Goal of the exercise>
An exact copy of every record, without the pictures, is what should come back.

Data records>
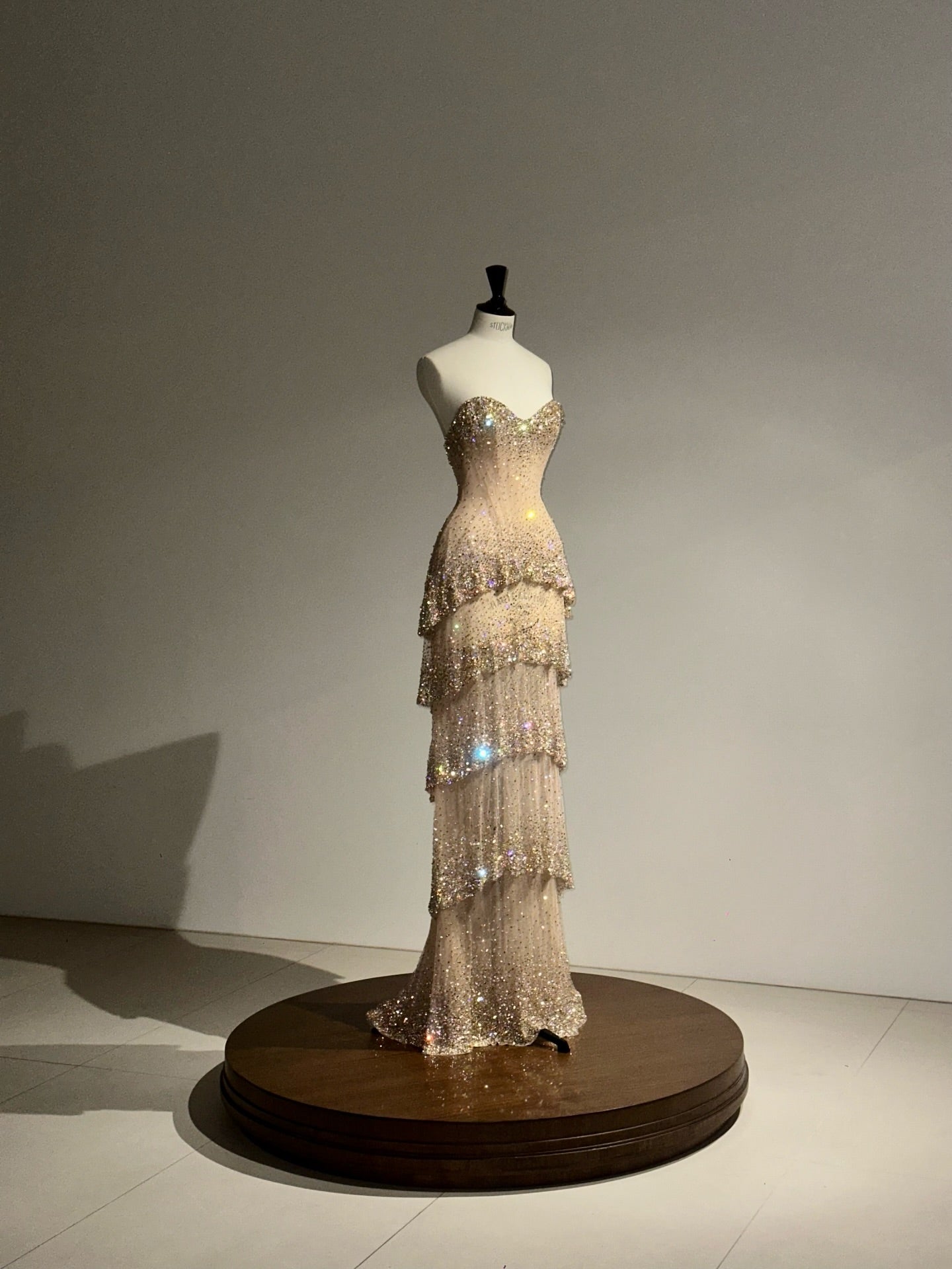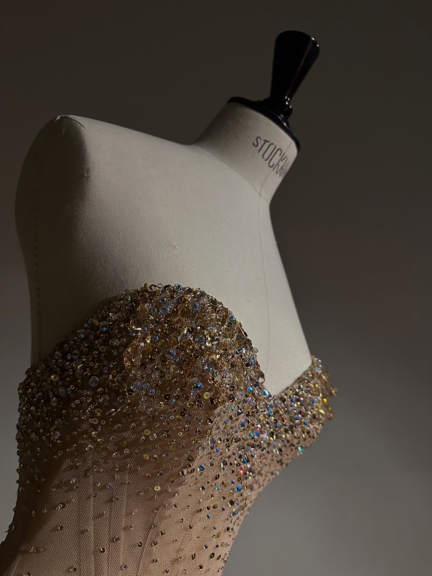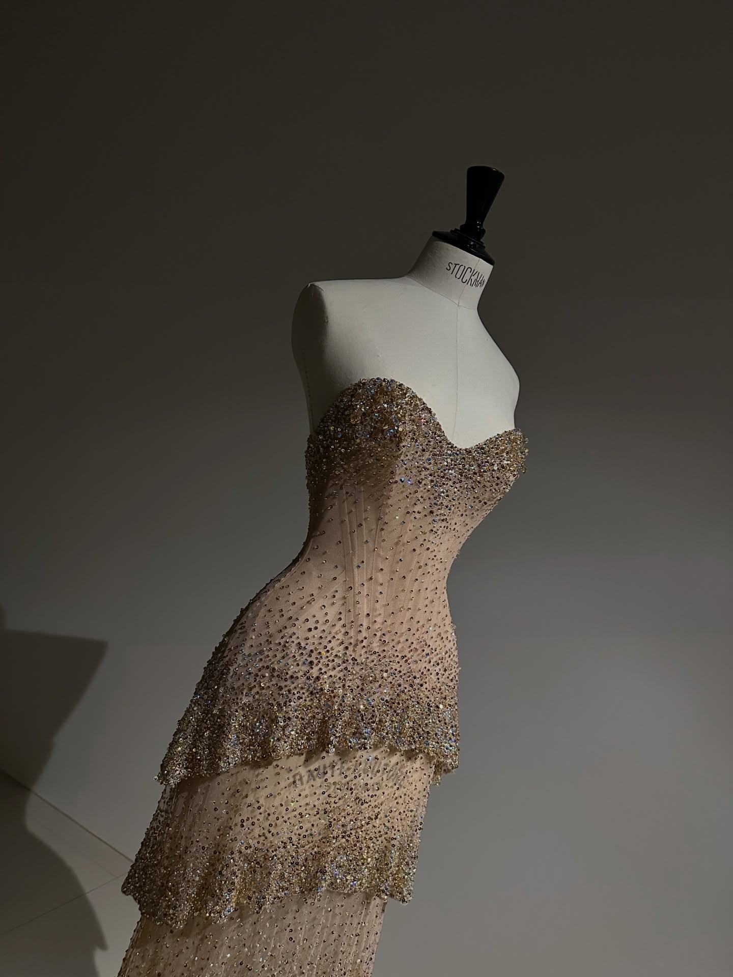 Designed with a sculpted strapless sweetheart corset, it beautifully enhances the silhouette with a flawless, contoured fit. The nude illusion base is delicately adorned with thousands of hand-placed crystals, gradually intensifying from the bodice to the waist to create a captivating shimmer with every movement.
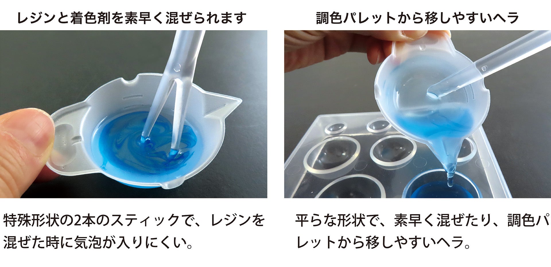 レジンと着色剤を混ぜる際に、気泡が入りにくいスティックが新登場。
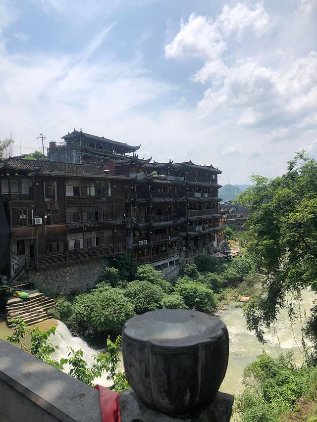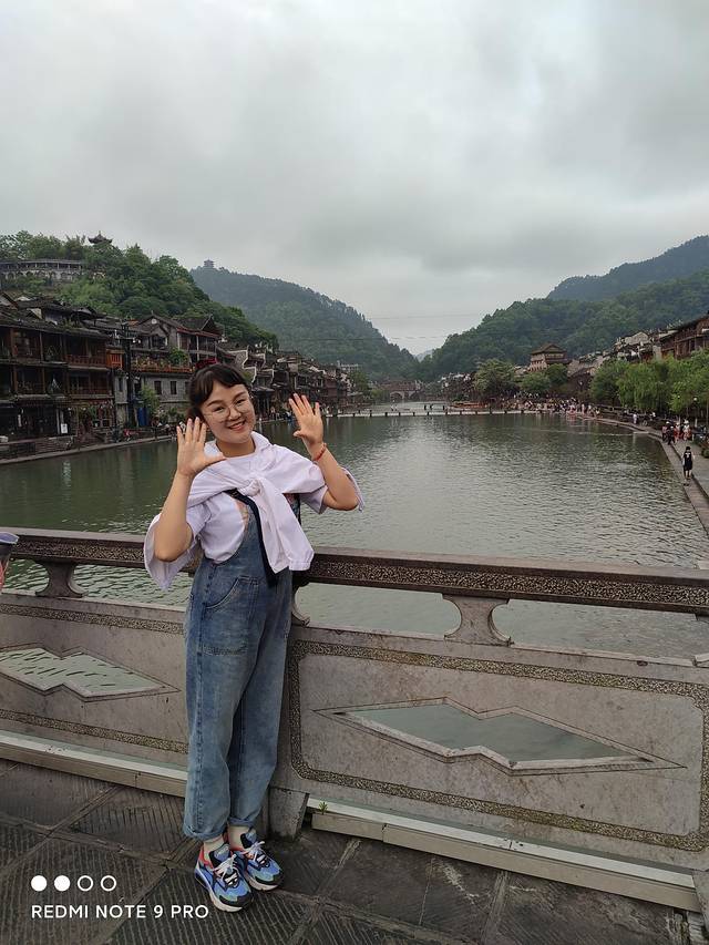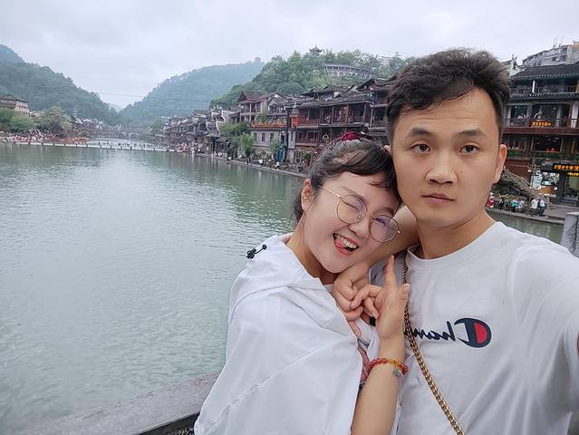 5月13号早上7点钟在酒店旁边的广场集合,加入旅行团前往四百多公里外的凤凰古城,预计下午2点半抵达。我们坐在双层大巴的第二排,视野还是很不错的。这个时候就开始了旅途中最重要的项目~吃零食。带了一大包吃的还怕吃不完,结果是自己想多了,哈哈!中午抵达服务区赶紧下车找座位吃泡面,这个时候泡面都显得格外美味呢!下午两点多终于抵达凤凰,集体乘坐摆渡车到达古城门口,先去办理了入住,导游看我两是小孕妇夫妇,果断安排了古香古色的大床房。
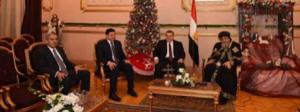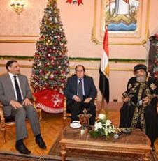 الأربعاء 6 يناير 2016 الرئيس عبد الفتاح السيسي يصل إلى الكاتدرائية للتهنئة وسط اجواء امتلأت بحفاوة الاستقبال لتكرار اللفتة الكريمة، وصل إلى الكاتدرائية المرقسية بالعباسية الآن رئيس الجمهورية عبد الفتاح السيسي لمشاركة الأقباط بعيد الميلاد المجيد، كان في إستقبال سيادته قداسة البابا تواضروس الثاني وأحبار الكنيسة المشاركين في الصلاة ، هذا وقد استقبل الشعب القبطي الحاضر الرئيس بعاصفة من التصفيق لدى دخوله الكنيسة الكبري بالكاتدرائية. وقد هنأ الرئيس عبد الفتاح السيسى الأقباط، خلال كلمته بالكاتدرائية المرقسية بالعباسية فى الاحتفال بأعياد الميلاد المجيد، قائلاً: "كل سنة وانتو طيبين، اسمحولى اقولكم كلمتين، فى البداية أوجهلكم التحية والتقدير والاحترام، وأهنيكم، كل عام وانتم بخير". وأضاف الرئيس السيسى :"السنة اللى فاتت قلنا عايزين نحب بعضنا بجد، ونحترم بعضنا بجد، يا رب نعرف نحب بعضنا بجد، وكل سنة وانتو طيبين"وعندما قاطعه الشعب القبطى عدة مرات بالتصفيق والهتافات قال السيسي ضاحكًا: «قداسة البابا هيزعل لاننا بنعطل الصلاة.. وخليني أقولكم إن السنة دي خير على كل المصريين والسنة الجاية هتبقى خير وسلام وأمن واستقرار لكل المصريين وتحيا مصر بينا كلنا». فى البداية أوجهلكم التحية والتقدير والاحترام، وأهنيكم، كل عام وانتم بخير. "من فضلكم توقفوا أمام كلامى جيدا.. ماحدش أبدا يقدر يفرق بينا.. لازم نرجع زى زمان أكتر ونبقى مع بعض ..ربنا يديم الحب". "أوصيكم وأوصى نفسى وكل الموجدين، مفيش حاجة تأذينا.. لا ظروف اقتصادية ولا سياسية ولا أى حاجة.. أى حاجة نقدر عليها إلا إننا نختلف" المصريون قادرون على التغلب على الصعاب - لن يستطيع أحد أن يفرق بين أبناء الشعب المصري - # تحيا_مصر بأهل مصر - # مصر ستعطى للعالم مثلاً حقيقياً للمحبة - # تحيا مصر بالمصريين جميعاً وعيد سعيد عليكم وعلينا احنا مش هنسى ابدا ليكم ولا قداسة البابا الموقف الوطنى العظيم عايز اوصيكم واوصي المصريين كلهم ...محدش ابدا هيفرق بينا...ده مهم جدا ..ومهم قوي ... كلنا لازم نبقي مع بعض ... ويديم الحب " ورداً على الهتافات المحبة له داخل الكاتدرائية، قال:"احنا بنحبكم جدا" وقد قدم الرئيس المصري اعتذاره للأقباط عن ما تم من إحراق وتدمير للكنائس خلال الفترة الماضية، مؤكداً العمل على ترميمها في أقرب وقت، وقال: "لن يوجد بيت واحد من بيوتكم، ولا كنيسة لم يتم إصلاحها" وشدد على أن "هذا ليس تفضلاً على الأقباط، ولكنه حق." . ومن جهة أخرى أصدرت المؤسسة الرآسية بيانا قالت فيه : لقد تشرفت أرض مصر الطاهرة باِستضافة العائلة المقدسة، مصر التي اختارها الله الحميد المجيد لتكون ملاذاً آمناً للسيد المسيح وأمه العذراء الطاهرة، فإن في ذلك دلالة بالغة على ما أراده الله سبحانه وتعالى لمصر، لتظل منبعاً للسلام والمحبة وموطناً للأمن والاستقرار، وهي قيم نبيلة يقتضي الحفاظ عليها أن نظل جميعاً مسلمين ومسيحيين يداً واحدة وصفاً واحداً، كما أعرب الرئيس عن ثقته الكاملة في أننا سنظل دوماً هكذا شعباً واحداً يبني ويعمر، وينشد الخير والسلام لأبنائه وللإنسانية بأسرها. ويجدد الرئيس تمنياته عشية عيد الميلاد المجيد لأبناء مصر جميعاً، مسلمين ومسيحيين، بكل الخير والتوفيق، ولمصرنا الحبيبة بكل التقدم والرفعة والازدهار، ويتوجه إلى الله الحميد المجيد ليجمعنا دوماً معاً، وليوحد صفوفنا ويحمي وطننا من كل مكروه وسوء، ويتلطف علينا بنِعم الأمن والسلام والمحبة. أبرزت وكالة "أسوشيتدبرس" الأمريكية احتفال أقباط مصر بعيد الميلاد، وسط إجراءات أمنية مشددة، وزيارة الرئيس عبد الفتاح السيسى للكاتدرائية المرقسية بالعباسية لتهنئة الأقباط في عيدهم، موضحة أن الزيارة التي تتكرر للعام الثاني تحظى بـ"تقدير مضاعف"، مضيفةً أنه "قدَّم اعتذارا علنيا ونادرا للأقباط". وقالت الوكالة، إن "المسيحيين الأرثوذوكس في مصر توافدوا إلى الكنائس ليل الأربعاء لحضور قداس عيد الميلاد، في الوقت الذي تواصل فيه الدولة محاربة ا
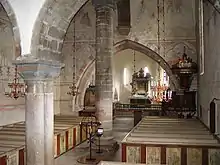 The church also incorporates a choir bench from the first half of the 14th century and a church bell from 1374; otherwise, most of the furniture is later, Baroque in style.[1][2]
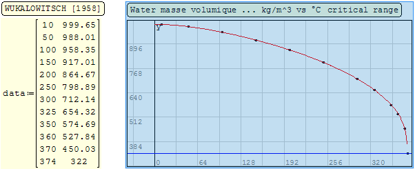 The plot below shows the Prode equation used for the liquid water density. It does well through out the data range, including near the critical point. The equation does not work with a reduced temperature of 1.
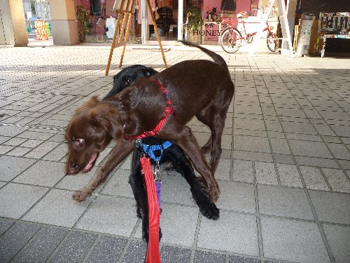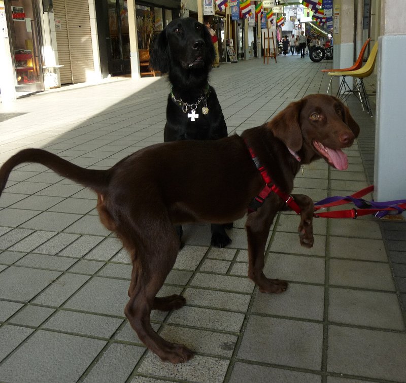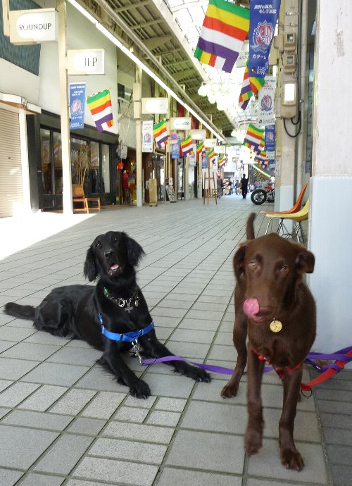で、いつものお店の前で二人を座らせてお写真をばと思うんだけど、カヤったら一応座るんだけどすぐに動いちゃう(--)

Result for this task>
 Designed with a sculpted strapless sweetheart corset, it beautifully enhances the silhouette with a flawless, contoured fit. The nude illusion base is delicately adorned with thousands of hand-placed crystals, gradually intensifying from the bodice to the waist to create a captivating shimmer with every movement.
 レジンと着色剤を混ぜる際に、気泡が入りにくいスティックが新登場。
 5月13号早上7点钟在酒店旁边的广场集合,加入旅行团前往四百多公里外的凤凰古城,预计下午2点半抵达。我们坐在双层大巴的第二排,视野还是很不错的。这个时候就开始了旅途中最重要的项目~吃零食。带了一大包吃的还怕吃不完,结果是自己想多了,哈哈!中午抵达服务区赶紧下车找座位吃泡面,这个时候泡面都显得格外美味呢!下午两点多终于抵达凤凰,集体乘坐摆渡车到达古城门口,先去办理了入住,导游看我两是小孕妇夫妇,果断安排了古香古色的大床房。
 الأربعاء 6 يناير 2016 الرئيس عبد الفتاح السيسي يصل إلى الكاتدرائية للتهنئة وسط اجواء امتلأت بحفاوة الاستقبال لتكرار اللفتة الكريمة، وصل إلى الكاتدرائية المرقسية بالعباسية الآن رئيس الجمهورية عبد الفتاح السيسي لمشاركة الأقباط بعيد الميلاد المجيد، كان في إستقبال سيادته قداسة البابا تواضروس الثاني وأحبار الكنيسة المشاركين في الصلاة ، هذا وقد استقبل الشعب القبطي الحاضر الرئيس بعاصفة من التصفيق لدى دخوله الكنيسة الكبري بالكاتدرائية. وقد هنأ الرئيس عبد الفتاح السيسى الأقباط، خلال كلمته بالكاتدرائية المرقسية بالعباسية فى الاحتفال بأعياد الميلاد المجيد، قائلاً: "كل سنة وانتو طيبين، اسمحولى اقولكم كلمتين، فى البداية أوجهلكم التحية والتقدير والاحترام، وأهنيكم، كل عام وانتم بخير". وأضاف الرئيس السيسى :"السنة اللى فاتت قلنا عايزين نحب بعضنا بجد، ونحترم بعضنا بجد، يا رب نعرف نحب بعضنا بجد، وكل سنة وانتو طيبين"وعندما قاطعه الشعب القبطى عدة مرات بالتصفيق والهتافات قال السيسي ضاحكًا: «قداسة البابا هيزعل لاننا بنعطل الصلاة.. وخليني أقولكم إن السنة دي خير على كل المصريين والسنة الجاية هتبقى خير وسلام وأمن واستقرار لكل المصريين وتحيا مصر بينا كلنا». فى البداية أوجهلكم التحية والتقدير والاحترام، وأهنيكم، كل عام وانتم بخير. "من فضلكم توقفوا أمام كلامى جيدا.. ماحدش أبدا يقدر يفرق بينا.. لازم نرجع زى زمان أكتر ونبقى مع بعض ..ربنا يديم الحب". "أوصيكم وأوصى نفسى وكل الموجدين، مفيش حاجة تأذينا.. لا ظروف اقتصادية ولا سياسية ولا أى حاجة.. أى حاجة نقدر عليها إلا إننا نختلف" المصريون قادرون على التغلب على الصعاب - لن يستطيع أحد أن يفرق بين أبناء الشعب المصري - # تحيا_مصر بأهل مصر - # مصر ستعطى للعالم مثلاً حقيقياً للمحبة - # تحيا مصر بالمصريين جميعاً وعيد سعيد عليكم وعلينا احنا مش هنسى ابدا ليكم ولا قداسة البابا الموقف الوطنى العظيم عايز اوصيكم واوصي المصريين كلهم ...محدش ابدا هيفرق بينا...ده مهم جدا ..ومهم قوي ... كلنا لازم نبقي مع بعض ... ويديم الحب " ورداً على الهتافات المحبة له داخل الكاتدرائية، قال:"احنا بنحبكم جدا" وقد قدم الرئيس المصري اعتذاره للأقباط عن ما تم من إحراق وتدمير للكنائس خلال الفترة الماضية، مؤكداً العمل على ترميمها في أقرب وقت، وقال: "لن يوجد بيت واحد من بيوتكم، ولا كنيسة لم يتم إصلاحها" وشدد على أن "هذا ليس تفضلاً على الأقباط، ولكنه حق." . ومن جهة أخرى أصدرت المؤسسة الرآسية بيانا قالت فيه : لقد تشرفت أرض مصر الطاهرة باِستضافة العائلة المقدسة، مصر التي اختارها الله الحميد المجيد لتكون ملاذاً آمناً للسيد المسيح وأمه العذراء الطاهرة، فإن في ذلك دلالة بالغة على ما أراده الله سبحانه وتعالى لمصر، لتظل منبعاً للسلام والمحبة وموطناً للأمن والاستقرار، وهي قيم نبيلة يقتضي الحفاظ عليها أن نظل جميعاً مسلمين ومسيحيين يداً واحدة وصفاً واحداً، كما أعرب الرئيس عن ثقته الكاملة في أننا سنظل دوماً هكذا شعباً واحداً يبني ويعمر، وينشد الخير والسلام لأبنائه وللإنسانية بأسرها. ويجدد الرئيس تمنياته عشية عيد الميلاد المجيد لأبناء مصر جميعاً، مسلمين ومسيحيين، بكل الخير والتوفيق، ولمصرنا الحبيبة بكل التقدم والرفعة والازدهار، ويتوجه إلى الله الحميد المجيد ليجمعنا دوماً معاً، وليوحد صفوفنا ويحمي وطننا من كل مكروه وسوء، ويتلطف علينا بنِعم الأمن والسلام والمحبة. أبرزت وكالة "أسوشيتدبرس" الأمريكية احتفال أقباط مصر بعيد الميلاد، وسط إجراءات أمنية مشددة، وزيارة الرئيس عبد الفتاح السيسى للكاتدرائية المرقسية بالعباسية لتهنئة الأقباط في عيدهم، موضحة أن الزيارة التي تتكرر للعام الثاني تحظى بـ"تقدير مضاعف"، مضيفةً أنه "قدَّم اعتذارا علنيا ونادرا للأقباط". وقالت الوكالة، إن "المسيحيين الأرثوذوكس في مصر توافدوا إلى الكنائس ليل الأربعاء لحضور قداس عيد الميلاد، في الوقت الذي تواصل فيه الدولة محاربة ا
 The church also incorporates a choir bench from the first half of the 14th century and a church bell from 1374; otherwise, most of the furniture is later, Baroque in style.[1][2]
 The plot below shows the Prode equation used for the liquid water density. It does well through out the data range, including near the critical point. The equation does not work with a reduced temperature of 1.
で、いつものお店の前で二人を座らせてお写真をばと思うんだけど、カヤったら一応座るんだけどすぐに動いちゃう(--)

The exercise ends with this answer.